As You Like It: Take 2 Garlic and Call Me in the Morning
By Joan Florek SchottenfeldLast night I woke up sniffling. Then I swallowed and felt my throat talk back to me. A cold — just what I needed right before Thanksgiving. There’s so much to do, so much to enjoy, so of course it’s the perfect time to cough and blow your nose continuously. I lay there trying to talk myself out of it. There have been times when I’ve ignored a cold and it actually left. But this was not going to be one of those times. That’s the problem with colds. Though they are all the same, they are also just different enough to be exasperating.
There are colds that come on so gradually that you barely notice them. There are colds that smack you silly so quickly that all you can do is try to cope with all the stuff that simultaneously emerges from the orifices in your head. There are colds that are gone in a few days and those that linger on for weeks. The ones where a hacking cough holds you hostage and others that steal your voice. A veritable rainbow of delights.
Because of these differences, no one remedy ever works consistently. Sometimes one thing succeeds and other times it makes no difference at all. It’s very disheartening. When I was growing up, my mom always plied me with tablespoons of honey and lemon and rivers of tea. I always hated the taste of pure honey so I dreaded those tablespoons. It was all I could do not to gag. She also made me gargle with warm saltwater, another amazingly nauseating remedy. But she made me chicken soup, which tasted wonderful, and rubbed Vicks Vapo rub on my chest so that I smelled like a eucalyptus plant. When I was older my dad would mix rum in hot milk for me and that was lovely. I may not have been cured, but I certainly was happy!
I had a yoga teacher who swore by her netti pot. It’s a small teapot-shaped container with a long narrow spout. You fill it with warm salt water then pour the solution up your nose to lubricate your sinuses. You can achieve similar results by swallowing water as someone tells you a funny story. We used to do this quite often during school lunch hours, when kids drank their milk. We’d wait for them to take a sip then say something hilarious and watch the kid lubricate his sinuses by blowing the milk out of his nostrils, whereupon we would all yell, “Through the nose!”
Of course, the best way to take care of a cold is to rest, but that’s never possible. You have to work, or take care of kids who probably have caught it from you so that you’re all one big sick, cranky family. When Lisa was a toddler we both caught bad colds. We were stuck in the house alone since none of our friends wanted to come near us and risk contagion. I tried to get her to play the game “Let’s-take-a-nap,” but she wasn’t having any of it.

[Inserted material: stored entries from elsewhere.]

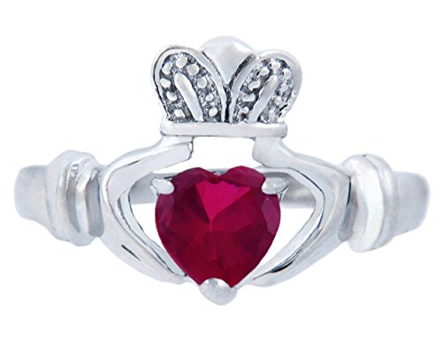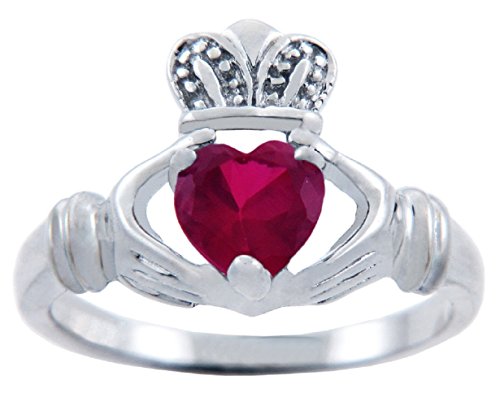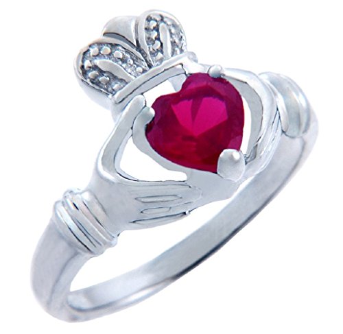 -. Binding : Jewelry -. Brand : Claddagh Birthstone Rings -. Department : womens -. Feature : fine Irish Claddagh ring individually hand-set with a red cubic zirconia heart-shaped center stone / carefully handcrafted with authentic 925 sterling silver in expert polished finish / comes with free special fine jewelry gift packaging / made in the USA yet offered at factory direct jewelry P.R.Ice / ships from the manufacturer directly to the customers -. Label : Claddagh Gold -. Manufacturer : Claddagh Gold -. Model : CDHSIL0298-Ruby -. MPN : CDHSIL0298-Ruby -. PartNumber : CDHSIL0298-Ruby -. ProductGroup : Jewelry -. ProductTypeName : FASHIONRING -. Publisher : Claddagh Gold -. Studio : Claddagh Gold -. Title : Personalized Sterling Silver Solitaire July Birthstone Heart CZ Irish Claddagh Ring
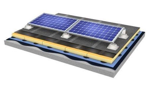 The EXTENSION 200 & EXTENSION 45 are components in the SOPRASOLAR FIX EVO TILT system (inclined rigid photovoltaic modules installed on top of a roof waterproofing membrane).
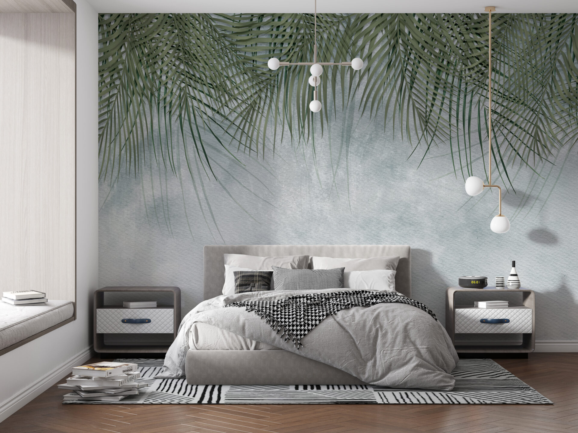 Denna väggmålning föreställer palmblad som flyter över en exotisk strand och skapar en avkopplande och charmig utsikt i ditt hem. Med sina livfulla gröna färger och detaljerade detaljer kommer du att känna dig som på en ö i paradiset varje dag.

The worst part was that even though my upstairs neighbor was also sick, she got to rest in solitary comfort, sipping tea and watching the soaps. She didn’t have to blow her nose while playing endless games of Chutes and Ladders. Plus her friends kept sending her flowers, which she never accepted because she was sleeping so the delivery guys would leave them with me. Every few hours I would trek upstairs to hand her yet another bouquet while she stood there dressed in gorgeous lingerie complaining that there was nothing good on TV. I had some very unkind thoughts about what I wanted to do with her flowers.
Nowadays when I’m blessed with a cold I follow my routine of swallowing decongestants, or as I call them, my little red wonder pills. At night I gulp down a cough suppressant and spray more chemicals up my nose to help me breathe. I’m a veritable cornucopia of cold remedies. I’ve also sucked on zinc lozenges, which makes my tongue feel like a troop of squirrels have done a conga on it, and drank gallons of Echinacea tea in an attempt to flush the germs out.

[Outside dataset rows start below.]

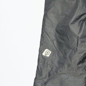 A pair of gray ski pants in excellent condition. The beltline looks dirty in the pic but it's not, it's actually camo-style. The pants have several pockets and 1 specifically for ID or ski pass. Buttons and zippers work well and look brand new. If you look closely, there is some wear on the knees, but no where else. Great pair of pants, at a great price, for a growing girl.
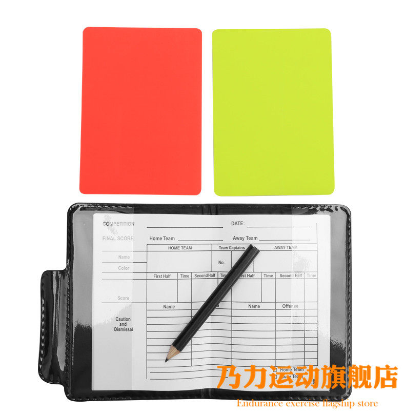 Футбольный красный и желтый рефери красная и желтая карта с кожаным карандашным рефери.
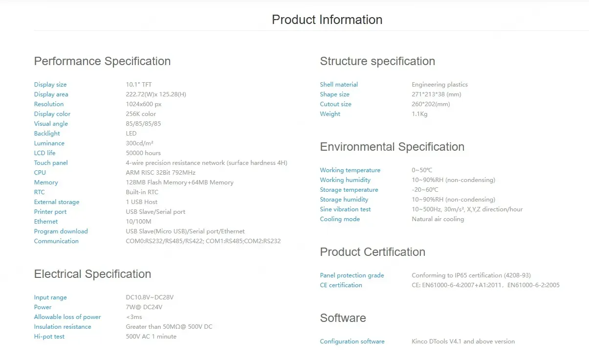 KINCO HMI MT100 10.1" TFT 1024x600 px

Last year my daughter Lisa swore by a natural method for getting rid of colds … raw garlic. You chop up two cloves, let it sit for 20 minutes, then mix it with a little liquid and swallow. I tried it a few months ago and it actually worked. I was ecstatic. So I tried it again another time but it didn’t work. This week when both Mariel and I were starting colds she talked me into trying it again.
So we did garlic shots, followed by a tomato juice chaser for me and ginger ale for her. I warned her that for the rest of the day her mouth would reek of garlic. But she also discovered that it was not a good idea to swallow garlic with a carbonated beverage — for the rest of the day she burped up raw garlic, an experience she never wants to repeat.
Yesterday, despite the garlic and Echinacea, I developed one of the worst colds that I’ve had in years. I’m back to my red pills and cough syrup. And if all else fails, rum and milk will go down a treat.